This week I am attending the InfiniBand Trade Association plugfest at UNH-IOL and next week I’ll be there again for the OpenFabrics Alliance interoperability event. The OFA is an industry alliance representing InfiniBand and iWARP, both high performance networking technologies that allow remote DMA (Direct Memory Access). For my readers who don’t know what RDMA is, I’ll try to explain.
First, a bit of background about DMA. There are many different ways to handle IO. Initially, the CPU was involved in copying data between a device and memory. This means that the CPU can’t be used for anything else during the copy. Since access to IO devices is significantly slower than the CPU (generally orders of magnitude, especially for disks), the CPU is essentially wasted on such a simple task. DMA allows a separate controller to take charge of the transfer between the IO device and main memory.
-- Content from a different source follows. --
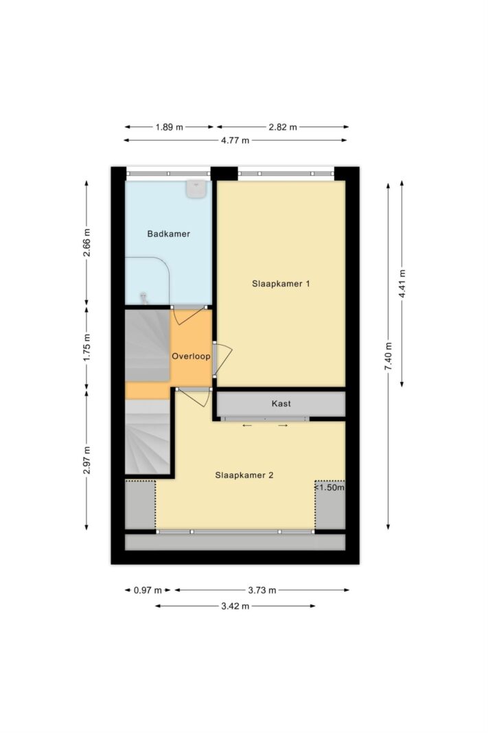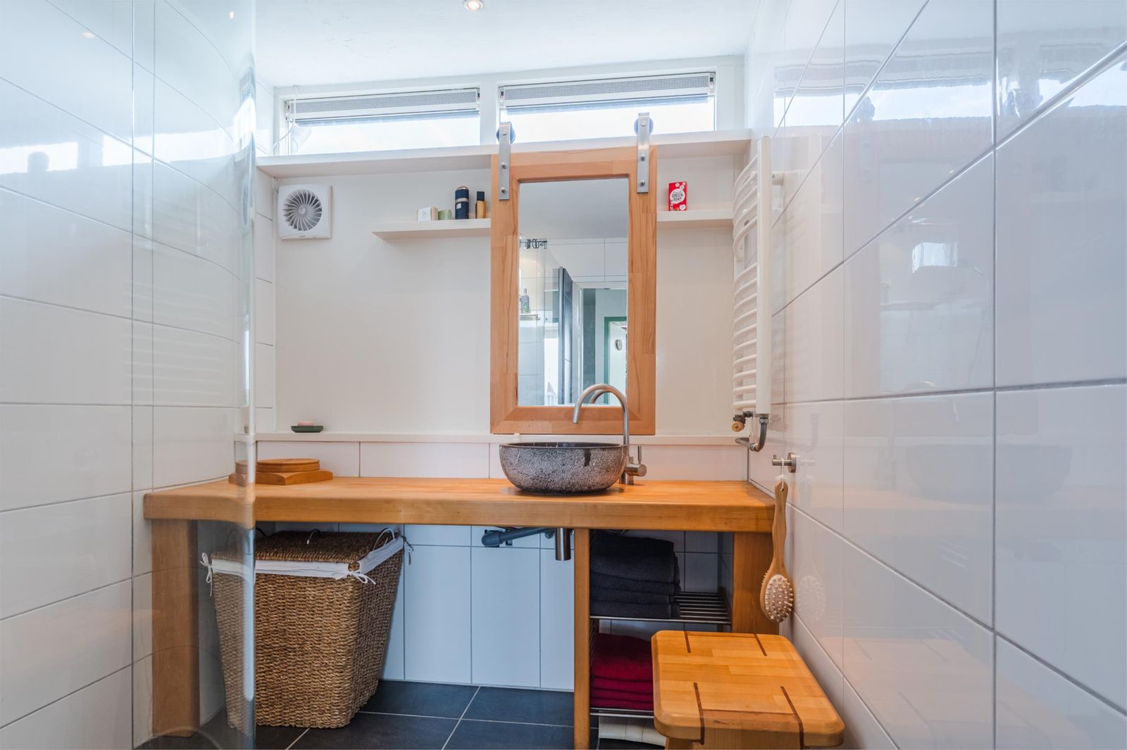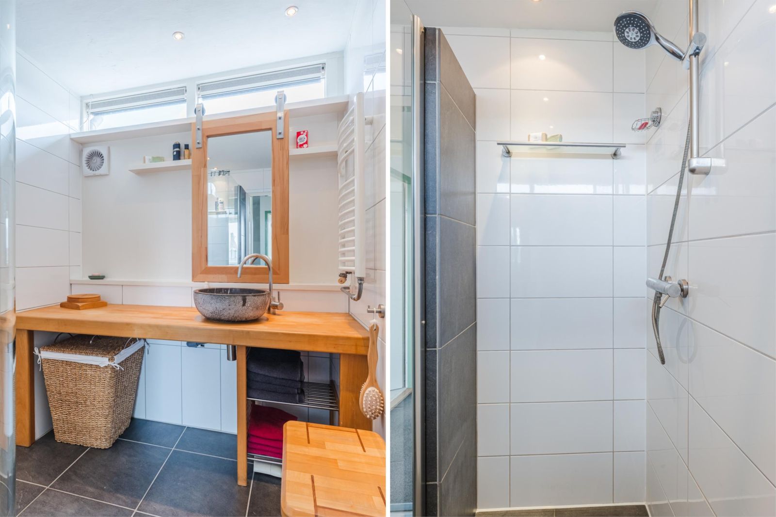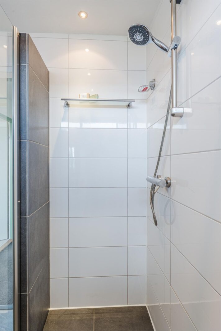 Vanaf de overloop - met een vaste trap naar de tweede verdieping - loop je de moderne, luxe badkamer in met inloopdouche, wastafelmeubel, natuurstenen waskom, radiator en mechanische ventilatie. Slaapkamer één heeft een grenenhouten vloer, een internetaansluiting en je kijkt uit op de achtertuin. Slaapkamer twee heeft ook een grenenhouten vloer, een inbouwkast, een dakkapel (HR+-glas en kunststof kozijnen) en een elektrisch bedienbare buiten-screen. De kamers zijn beide heerlijk licht dankzij de grote raampartijen.

The CPU initiates a transfer, and the DMA controller does the actual work, freeing the CPU for other tasks. When the DMA transfer is completed, it sends an interrupt to the CPU which alerts the operating system that the transfer is done.
In an ideal world the operating system has a number of tasks which can run on the CPU. An ideal load balances tasks which require a lot of IO and tasks which are bound by CPU (for example, many calculations with little IO). By using DMA the system an switch to CPU bound tasks and run them while the slow data transfer happens. Additionally, because the system is not overloaded with interrupts occurring constantly (for example, with a byte-by-byte non-DMA transfer) interactive tasks - such as a keypress being registered - are handled more effectively.
RDMA - Remote DMA - extends this concept to networking. Networking tends to involve a lot of data copying, and a lot of work by the operating system. Many network cards support DMA already, but this only allows a DMA transfer of raw network data from the card into the OS Kernel’s memory. This data must be decoded as it moves through the protocol stack, which typically involves additional copying, and eventually it is deliver to a user space program (which involves yet another copy). All this copying is particularly necessary since the kernel must virtualize the shared network interface to all the programs running on a system. The kernel needs to ensure that a user program cannot read network traffic meant for a different program. As network interfaces keep getting faster this overhead becomes more and more significant.
RDMA gives increased performance at the expense of security. Special network interface cards implement the protocol stack in silicon on the card. A user program can then initiate a remote direct memory-to-memory transfer. The operating system kernel is not involved in the transfer at all. This means the CPU can be busy doing computations while the (comparatively) much slower network link transfers data. This is especially useful for high performance computing. If a parallel task involves a lot of computation with message passing to synchronize, then things can be drastically sped up by using RDMA.
InfiniBand is one technology that implements RDMA. IB uses a high performance dedicated network. It is commonly used for computing clusters, since it uses dedicated InfiniBand switch hardware. iWARP is a second technology for RDMA which also RDMA transfers over standard Internet Protocol links (such as a normal local area ethernet network). It still requires special iWARP “RNIC”s which contain a hardware network stack and enable RDMA operations. But there is no need for special switch hardware, and iWARP can even be used over a wide area.
Obviously this technology is not going to show up in your home any time soon. The target market is the high performance computing market, the storage market, and financial market. Nonetheless, within this limited sector RDMA is a very exciting development.